What term to use with other events remains as an exercise, but to a lot
of people wanting just the 'cycles' event, like was used in the above
patch log message:
# perf record -a -- perf bench sched messaging
That would be enough, no?
- Arnaldo
> I've also talked with a bunch of people about this, and everybody
> proposes their own term and is confused by all other proposals.
> The problem is that we did not just lack this fundamental profiling
> capability in all profilers out there, but we, as a community, also
> still don't know how to even talk about these things...
> There is no terminology that would be clear for everybody. E.g. when
> some people hear wall-clock, they imply that it samples every thread
> (runnable and non-runnnable) every time unit (but that's a vastly
> different profile from this one).
> > > 'Latency' is a highly overloaded concept that almost never corresponds
> > > to 'wall clock time'. It usually means a relative delay value, which is
> > > why I initially thought this somehow means instruction-latency or
> > > memory-latency profiling ...
> > > Ie. 'latency' in its naive meaning, is on the exact opposite side of
> > > the terminology spectrum of where it should be: it suggests relative
> > > time, while in reality it's connected to wall-clock/absolute time ...

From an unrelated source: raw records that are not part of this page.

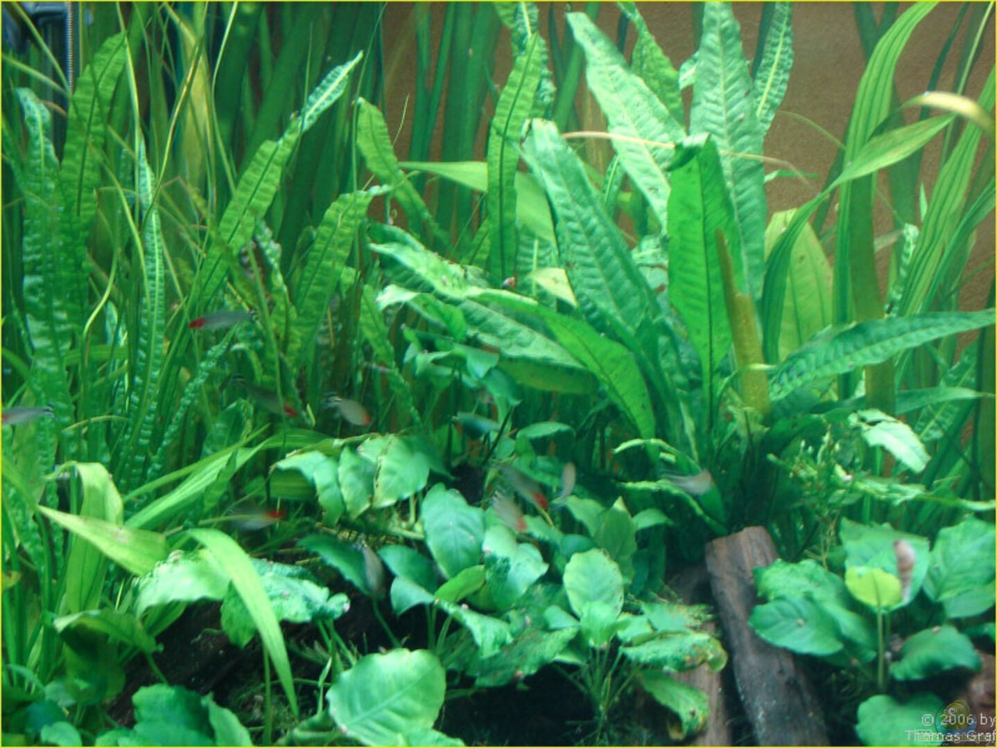 Das Becken ist in 4 Bereiche eingeteilt. Hintergrund, vorne rechts, mitte und links. Der Hintergrund ist mit hochwachsenden Pflanzen wie Echinodorus bleheri, Echinodorus decumbens sowie Cryptocoryne balansae und Cryptoyoryne crispatula besetzt. Einige Valisneria nana bilden auf der rechten hinteren Seite einen kleinen Dschungel der gerne von den Rotkopfsalmlern angenommen wird. Im vorderen rechten Teil bildet Eleocharis parvulus (Nadelsimse) einen Rasen. Der vodere linke Teil ist mit der ebenfalls [...]
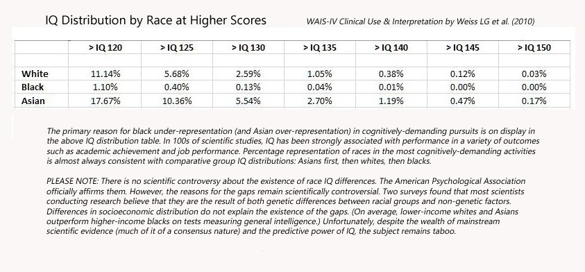 Wnioski: murzyni nie mają możliwości adekwatnej (13%) reprezentacji wymagającej wysokiego IQ
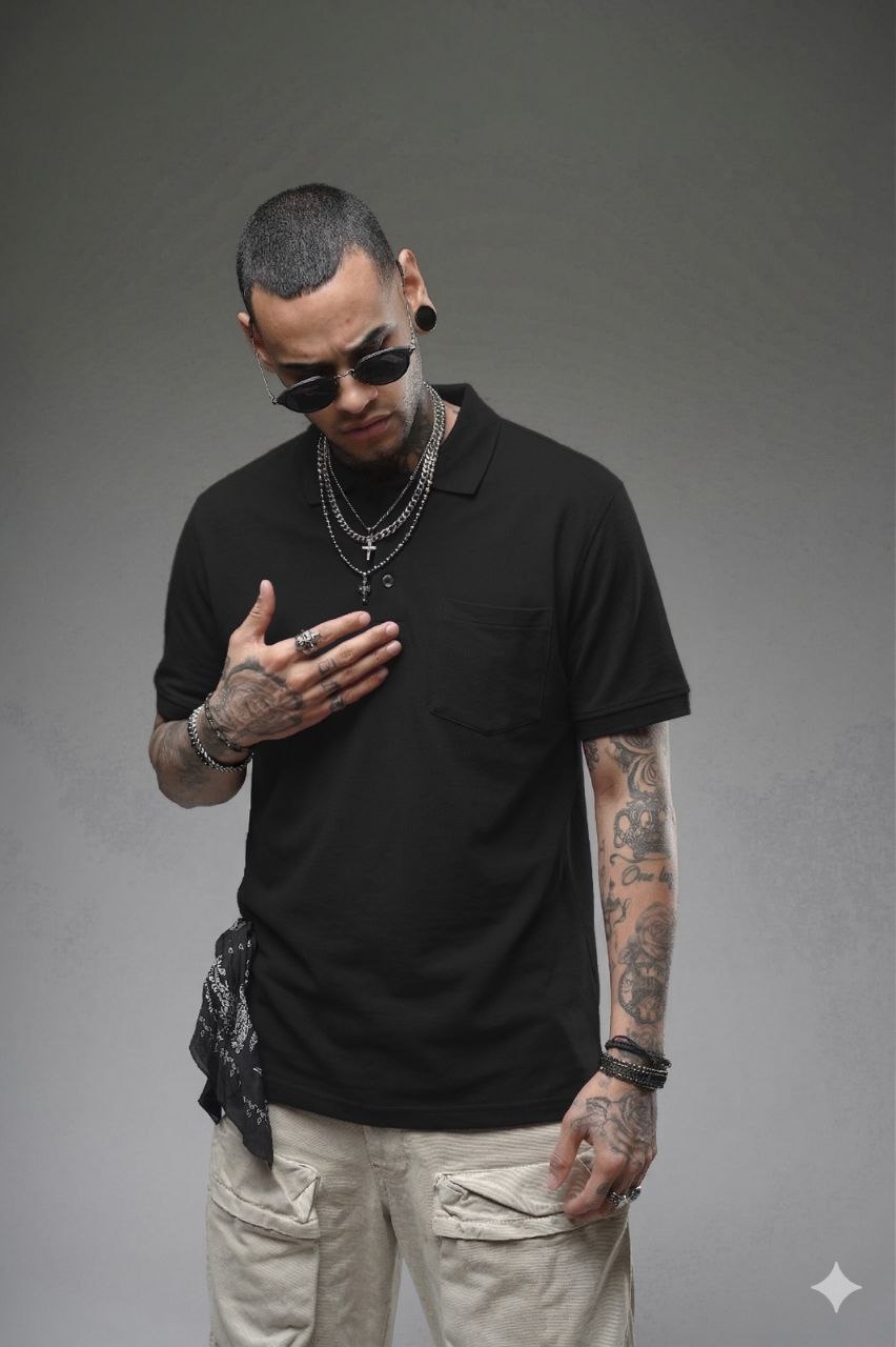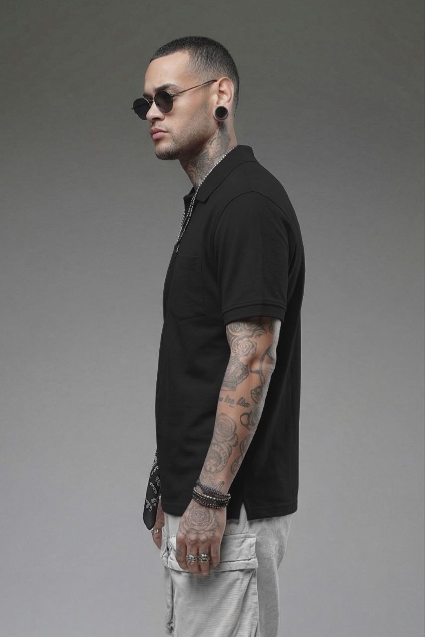 Κλασική ανδρική polo μπλούζα σε μαύρο χρώμα με γιακά και διακριτική τσέπη στο στήθος. Ιδανική για καθημερινά casual looks με minimal αισθητική και άνετη εφαρμογή.

> > > *Please* use something else. Wall-clock is fine, as
> > > cpu-and-latency-overheads.txt uses initially, but so would be other
> > > combinations:
> > > #1: 'CPU time' vs. 'real time'
> > > This is short, although a disadvantage is the possible
> > > 'real-time kernel' source of confusion here.
> > > #2: 'CPU time' vs. 'wall-clock time'
> > > This is longer but OK and unambiguous.
> > > #3: 'relative time' vs. 'absolute time'
> > > This is short and straightforward, and might be my favorite
> > > personally, because relative/absolute is such an unambiguous
> > > and well-known terminology and often paired in a similar
> > > fashion.
> > > #4: 'CPU time' vs. 'absolute time'
> > > This is a combination of #1 and #3 that keeps the 'CPU time'
> > > terminology for relative time. The CPU/absolute pairing is not
> > > that intuitive though.
> > > #5: 'CPU time' vs. 'latency'
> > > This is really, really bad and unintuitive. Sorry to be so
> > > harsh and negative about this choice, but this is such a nice
> > > feature, which suffers from confusing naming. :-)
> > Thanks for your seggestions. My main concern is that it's not just
> > about cpu-time and wallclock-time. perf tools can measure any events
> > that have different meanings. So I think we need generic terms to cover
> > them.
> I did not see a conflict there. It's possible to sample, say, cache
> misses per unit of CPU time or per unit of wall-clock time.